* [RECORDS TO USE]:
*** Begin section ***

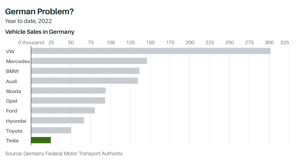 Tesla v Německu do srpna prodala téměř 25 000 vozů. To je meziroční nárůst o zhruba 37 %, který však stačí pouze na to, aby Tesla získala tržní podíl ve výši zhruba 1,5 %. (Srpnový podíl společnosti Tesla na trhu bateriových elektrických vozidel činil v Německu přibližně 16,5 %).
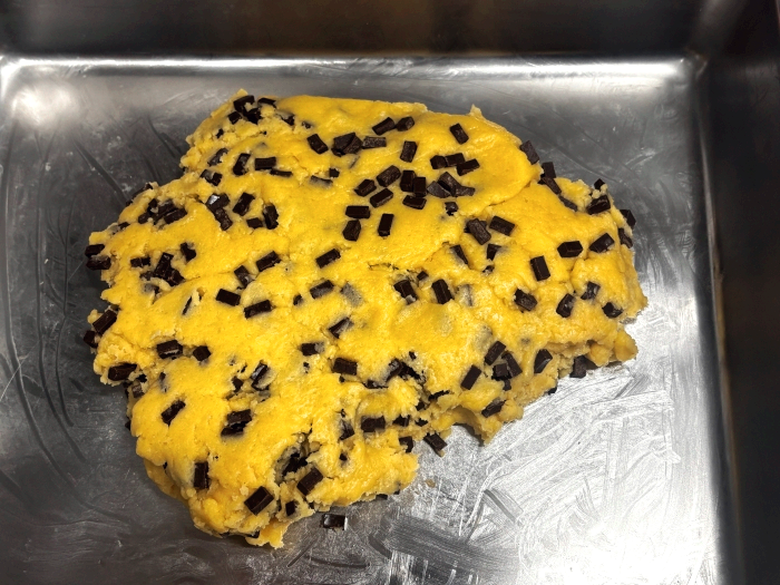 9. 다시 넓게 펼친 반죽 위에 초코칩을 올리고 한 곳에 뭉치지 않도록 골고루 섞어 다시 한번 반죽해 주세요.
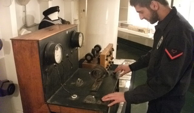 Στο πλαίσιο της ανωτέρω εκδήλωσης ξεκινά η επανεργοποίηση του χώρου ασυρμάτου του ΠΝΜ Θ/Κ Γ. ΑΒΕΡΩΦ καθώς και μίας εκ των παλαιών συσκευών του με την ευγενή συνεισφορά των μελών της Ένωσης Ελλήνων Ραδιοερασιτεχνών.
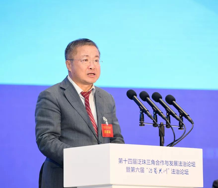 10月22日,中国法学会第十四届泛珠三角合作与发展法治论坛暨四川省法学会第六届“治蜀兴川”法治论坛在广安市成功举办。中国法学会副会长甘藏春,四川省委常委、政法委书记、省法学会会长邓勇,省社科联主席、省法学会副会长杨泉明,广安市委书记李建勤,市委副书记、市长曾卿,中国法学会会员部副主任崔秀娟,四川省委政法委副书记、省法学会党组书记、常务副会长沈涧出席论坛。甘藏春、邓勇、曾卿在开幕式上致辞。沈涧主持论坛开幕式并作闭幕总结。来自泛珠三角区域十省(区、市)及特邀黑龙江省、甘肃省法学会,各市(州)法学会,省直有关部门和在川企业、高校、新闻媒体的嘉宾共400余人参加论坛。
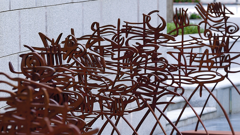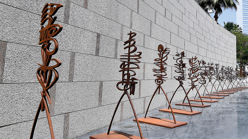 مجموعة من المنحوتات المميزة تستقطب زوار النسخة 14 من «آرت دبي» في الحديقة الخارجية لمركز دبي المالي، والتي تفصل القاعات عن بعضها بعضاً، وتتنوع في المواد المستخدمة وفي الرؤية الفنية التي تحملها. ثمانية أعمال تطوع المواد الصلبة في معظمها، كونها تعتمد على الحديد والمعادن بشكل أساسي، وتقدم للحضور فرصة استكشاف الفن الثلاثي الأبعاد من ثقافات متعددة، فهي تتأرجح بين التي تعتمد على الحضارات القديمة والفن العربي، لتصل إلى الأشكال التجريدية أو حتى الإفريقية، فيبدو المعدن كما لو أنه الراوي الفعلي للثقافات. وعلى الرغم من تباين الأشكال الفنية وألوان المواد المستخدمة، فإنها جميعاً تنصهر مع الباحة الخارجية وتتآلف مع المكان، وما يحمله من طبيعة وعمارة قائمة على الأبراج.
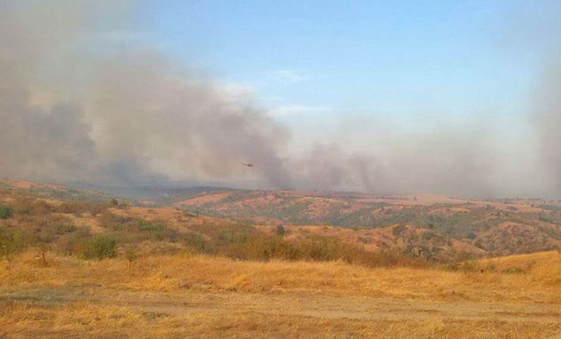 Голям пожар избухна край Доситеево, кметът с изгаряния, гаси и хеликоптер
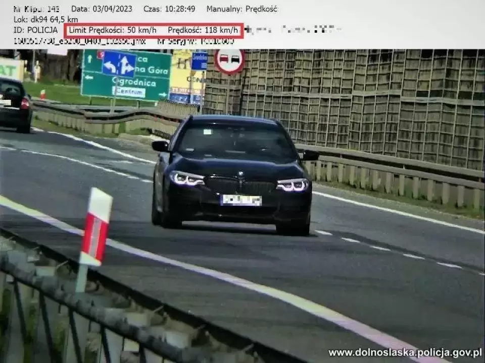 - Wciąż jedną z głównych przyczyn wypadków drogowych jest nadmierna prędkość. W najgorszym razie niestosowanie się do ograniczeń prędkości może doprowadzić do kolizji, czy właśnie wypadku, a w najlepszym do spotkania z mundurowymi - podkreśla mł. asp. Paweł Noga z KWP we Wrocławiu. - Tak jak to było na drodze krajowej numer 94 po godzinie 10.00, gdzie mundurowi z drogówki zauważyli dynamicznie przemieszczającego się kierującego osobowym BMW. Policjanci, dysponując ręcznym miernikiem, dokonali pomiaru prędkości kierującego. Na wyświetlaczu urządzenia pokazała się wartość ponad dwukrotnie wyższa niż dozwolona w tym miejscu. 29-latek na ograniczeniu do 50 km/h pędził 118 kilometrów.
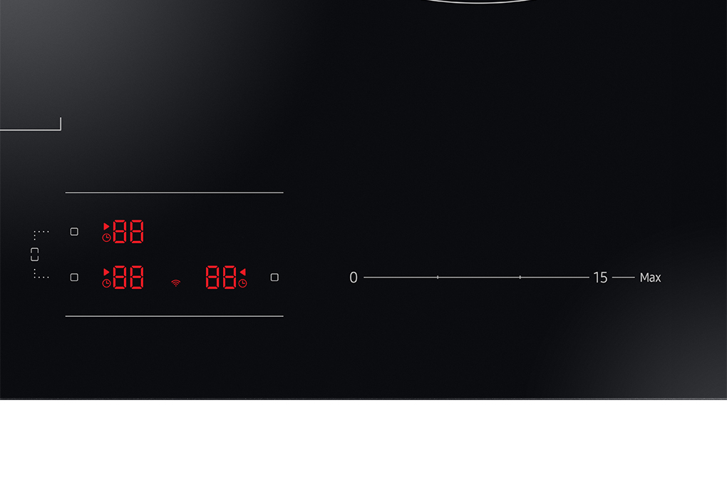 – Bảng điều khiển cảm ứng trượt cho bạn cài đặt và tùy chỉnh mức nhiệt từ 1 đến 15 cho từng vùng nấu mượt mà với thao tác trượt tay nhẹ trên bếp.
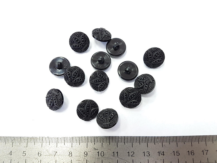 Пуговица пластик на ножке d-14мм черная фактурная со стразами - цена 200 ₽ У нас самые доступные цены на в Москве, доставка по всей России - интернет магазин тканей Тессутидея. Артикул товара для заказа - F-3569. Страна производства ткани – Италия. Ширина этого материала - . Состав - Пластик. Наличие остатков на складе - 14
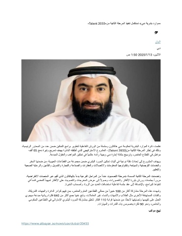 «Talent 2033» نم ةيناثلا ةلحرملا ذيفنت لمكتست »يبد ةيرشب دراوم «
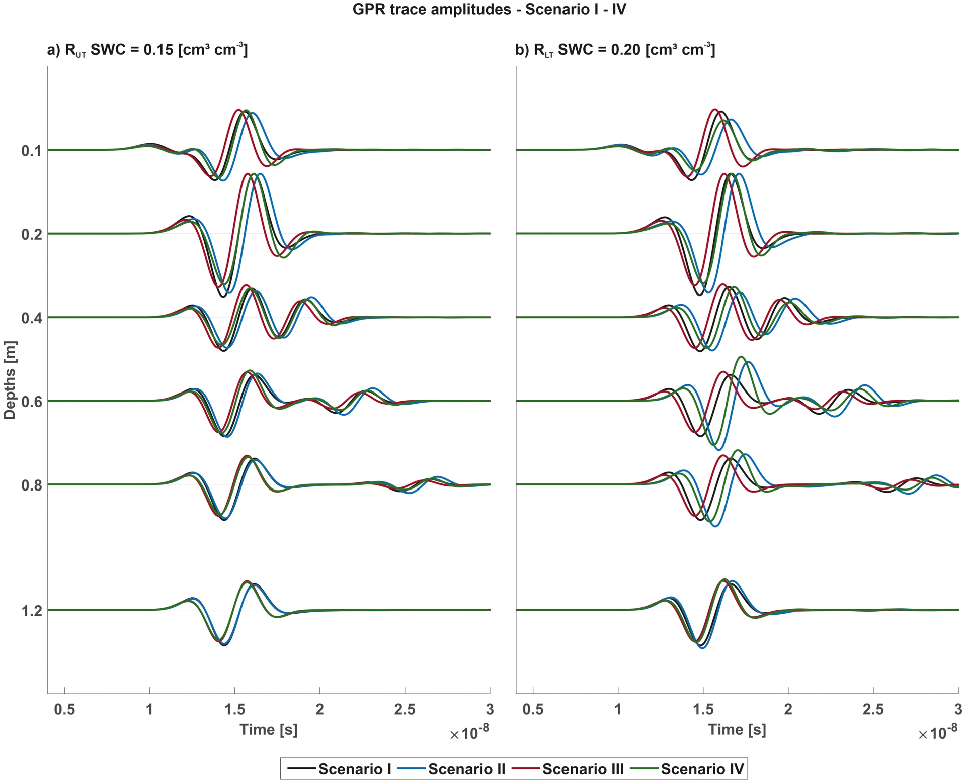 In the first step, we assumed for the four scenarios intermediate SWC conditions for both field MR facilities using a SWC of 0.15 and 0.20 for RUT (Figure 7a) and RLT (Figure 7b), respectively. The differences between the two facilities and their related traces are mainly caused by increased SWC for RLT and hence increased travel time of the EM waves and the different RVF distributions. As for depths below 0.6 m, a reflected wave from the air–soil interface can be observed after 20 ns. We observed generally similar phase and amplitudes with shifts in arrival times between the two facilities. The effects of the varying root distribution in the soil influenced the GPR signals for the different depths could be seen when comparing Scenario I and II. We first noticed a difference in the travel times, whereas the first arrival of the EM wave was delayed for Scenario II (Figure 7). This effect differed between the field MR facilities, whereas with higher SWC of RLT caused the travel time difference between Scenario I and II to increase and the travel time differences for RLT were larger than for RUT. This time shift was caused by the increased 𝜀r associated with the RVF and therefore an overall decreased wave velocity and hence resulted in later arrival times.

*** End section ***
*** Begin section ***

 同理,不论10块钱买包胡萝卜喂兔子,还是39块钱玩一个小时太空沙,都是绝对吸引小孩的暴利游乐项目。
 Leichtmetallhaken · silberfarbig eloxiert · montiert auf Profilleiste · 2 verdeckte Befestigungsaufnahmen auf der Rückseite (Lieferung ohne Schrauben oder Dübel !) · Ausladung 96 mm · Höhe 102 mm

*** End section ***

* [TASK PROMPT]: Out of the records above, please copy exactly the lines from the line with "Στο πλαίσιο της" up to and including the line with "Голям пожар избухна", minus the pictures.

* [WORKED SOLUTION]:
 Στο πλαίσιο της ανωτέρω εκδήλωσης ξεκινά η επανεργοποίηση του χώρου ασυρμάτου του ΠΝΜ Θ/Κ Γ. ΑΒΕΡΩΦ καθώς και μίας εκ των παλαιών συσκευών του με την ευγενή συνεισφορά των μελών της Ένωσης Ελλήνων Ραδιοερασιτεχνών.
 10月22日,中国法学会第十四届泛珠三角合作与发展法治论坛暨四川省法学会第六届“治蜀兴川”法治论坛在广安市成功举办。中国法学会副会长甘藏春,四川省委常委、政法委书记、省法学会会长邓勇,省社科联主席、省法学会副会长杨泉明,广安市委书记李建勤,市委副书记、市长曾卿,中国法学会会员部副主任崔秀娟,四川省委政法委副书记、省法学会党组书记、常务副会长沈涧出席论坛。甘藏春、邓勇、曾卿在开幕式上致辞。沈涧主持论坛开幕式并作闭幕总结。来自泛珠三角区域十省(区、市)及特邀黑龙江省、甘肃省法学会,各市(州)法学会,省直有关部门和在川企业、高校、新闻媒体的嘉宾共400余人参加论坛。
 مجموعة من المنحوتات المميزة تستقطب زوار النسخة 14 من «آرت دبي» في الحديقة الخارجية لمركز دبي المالي، والتي تفصل القاعات عن بعضها بعضاً، وتتنوع في المواد المستخدمة وفي الرؤية الفنية التي تحملها. ثمانية أعمال تطوع المواد الصلبة في معظمها، كونها تعتمد على الحديد والمعادن بشكل أساسي، وتقدم للحضور فرصة استكشاف الفن الثلاثي الأبعاد من ثقافات متعددة، فهي تتأرجح بين التي تعتمد على الحضارات القديمة والفن العربي، لتصل إلى الأشكال التجريدية أو حتى الإفريقية، فيبدو المعدن كما لو أنه الراوي الفعلي للثقافات. وعلى الرغم من تباين الأشكال الفنية وألوان المواد المستخدمة، فإنها جميعاً تنصهر مع الباحة الخارجية وتتآلف مع المكان، وما يحمله من طبيعة وعمارة قائمة على الأبراج.
 Голям пожар избухна край Доситеево, кметът с изгаряния, гаси и хеликоптер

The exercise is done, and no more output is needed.